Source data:
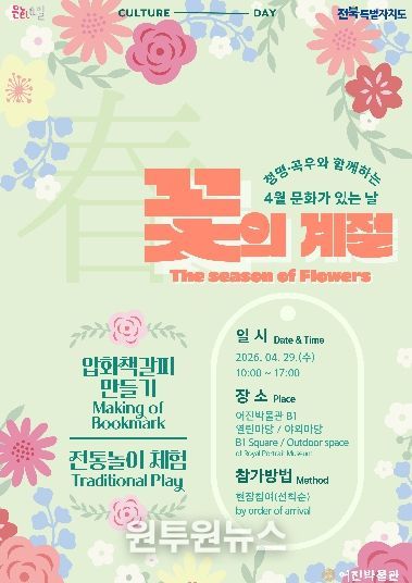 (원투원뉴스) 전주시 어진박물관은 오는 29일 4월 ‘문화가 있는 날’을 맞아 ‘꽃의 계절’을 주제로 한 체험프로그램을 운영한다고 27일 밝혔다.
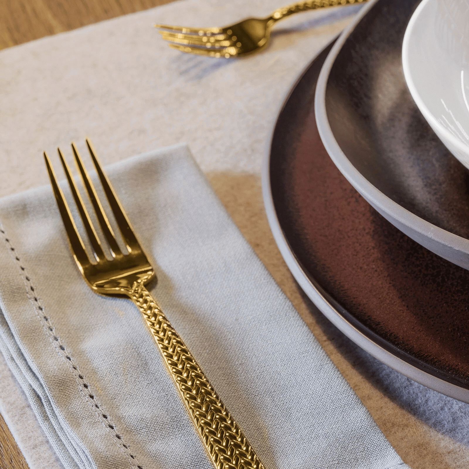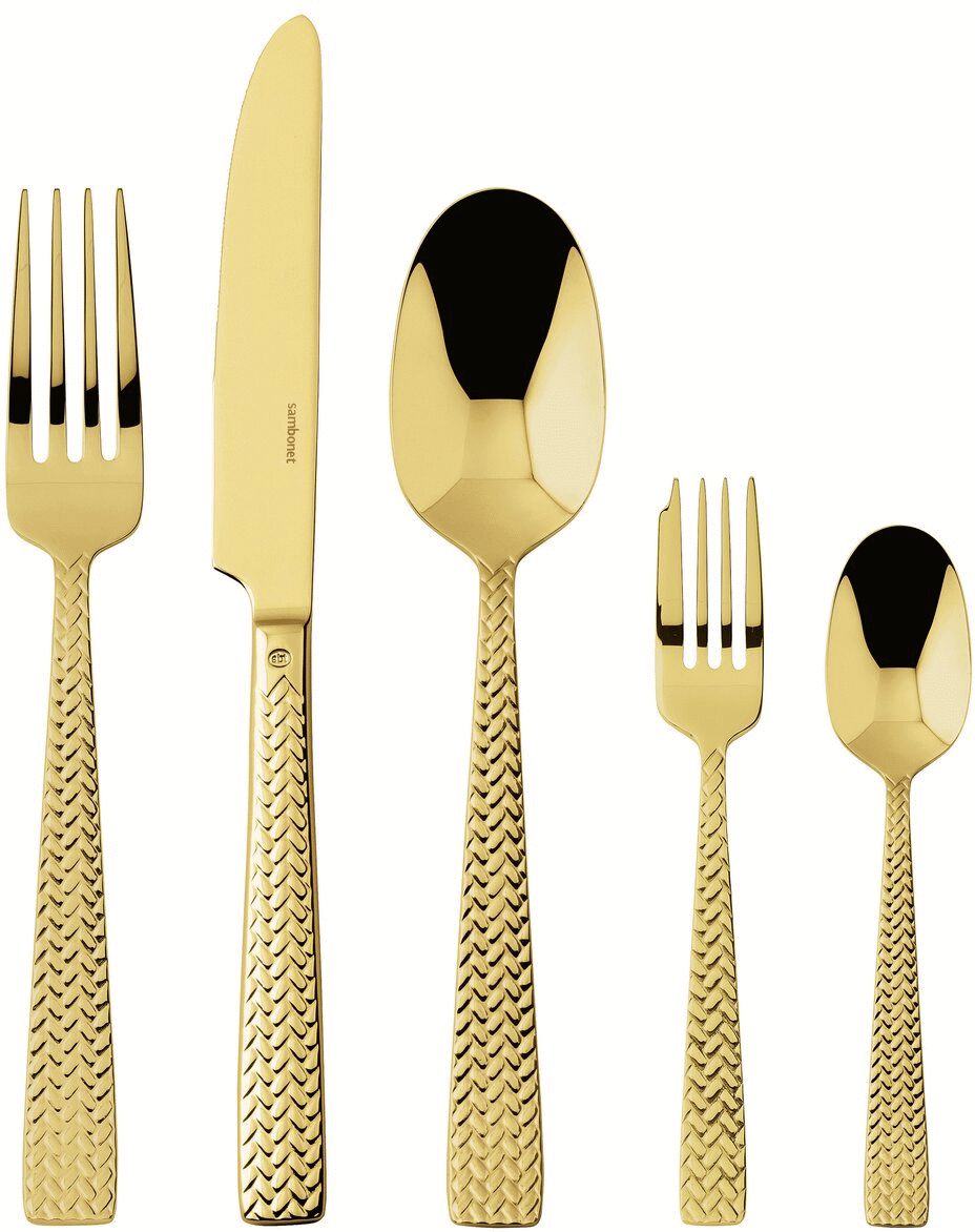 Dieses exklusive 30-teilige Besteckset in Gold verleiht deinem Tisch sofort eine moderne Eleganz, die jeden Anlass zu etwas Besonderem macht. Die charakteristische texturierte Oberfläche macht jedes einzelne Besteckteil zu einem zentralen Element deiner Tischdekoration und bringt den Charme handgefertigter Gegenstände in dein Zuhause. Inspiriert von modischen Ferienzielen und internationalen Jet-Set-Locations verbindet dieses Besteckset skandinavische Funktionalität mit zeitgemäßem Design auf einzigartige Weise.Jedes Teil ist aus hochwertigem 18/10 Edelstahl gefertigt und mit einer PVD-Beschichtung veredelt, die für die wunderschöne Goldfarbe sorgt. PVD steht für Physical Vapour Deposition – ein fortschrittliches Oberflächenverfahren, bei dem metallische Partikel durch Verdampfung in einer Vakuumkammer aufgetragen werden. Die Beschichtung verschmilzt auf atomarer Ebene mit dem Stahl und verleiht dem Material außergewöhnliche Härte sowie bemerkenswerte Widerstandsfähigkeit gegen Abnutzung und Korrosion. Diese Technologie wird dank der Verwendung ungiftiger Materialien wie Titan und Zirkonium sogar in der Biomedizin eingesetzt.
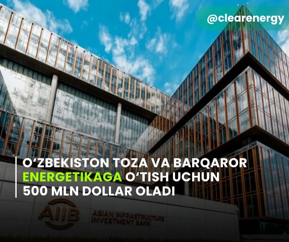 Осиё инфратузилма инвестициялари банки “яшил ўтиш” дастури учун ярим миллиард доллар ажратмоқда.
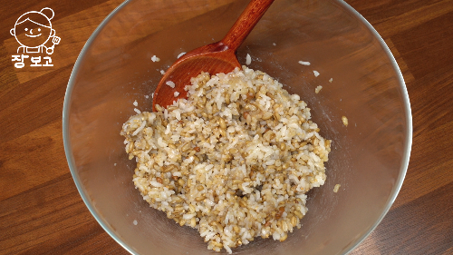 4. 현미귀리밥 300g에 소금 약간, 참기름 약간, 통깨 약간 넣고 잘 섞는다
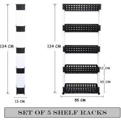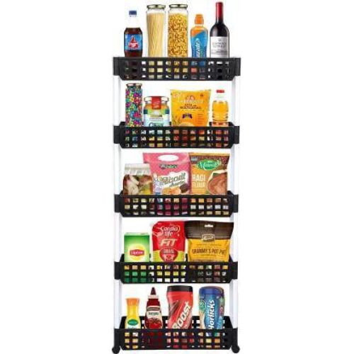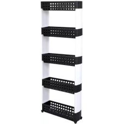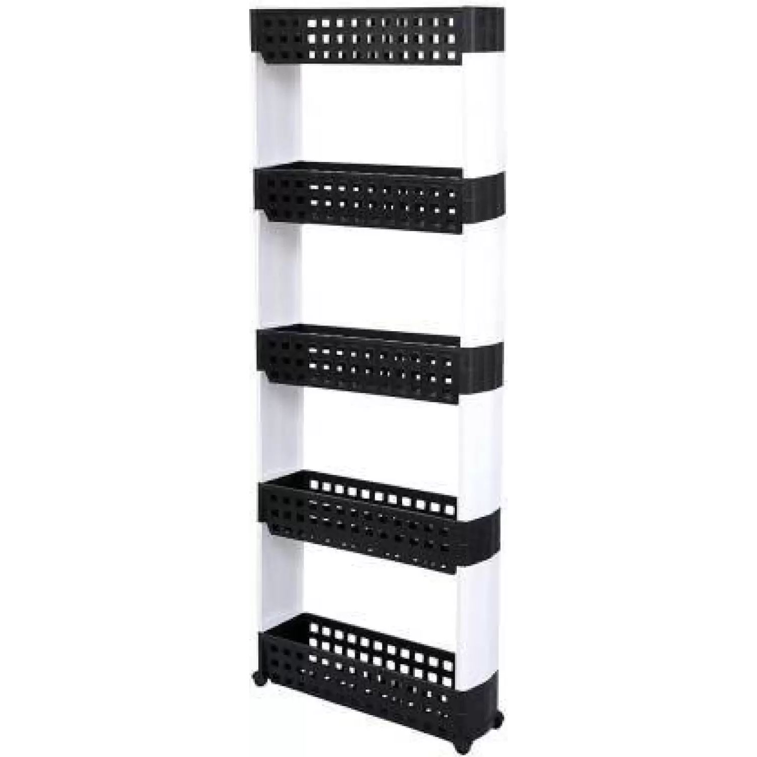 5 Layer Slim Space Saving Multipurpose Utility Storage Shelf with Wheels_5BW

• [EXERCISE GOAL]:
Your output must consist only of the lines from the line with "Осиё инфратузилма инвестициялари" through the final line of the data, both included, reproduced exactly and free of pictures.

• [ANSWER SPACE]:
 Осиё инфратузилма инвестициялари банки “яшил ўтиш” дастури учун ярим миллиард доллар ажратмоқда.
 4. 현미귀리밥 300g에 소금 약간, 참기름 약간, 통깨 약간 넣고 잘 섞는다
 5 Layer Slim Space Saving Multipurpose Utility Storage Shelf with Wheels_5BW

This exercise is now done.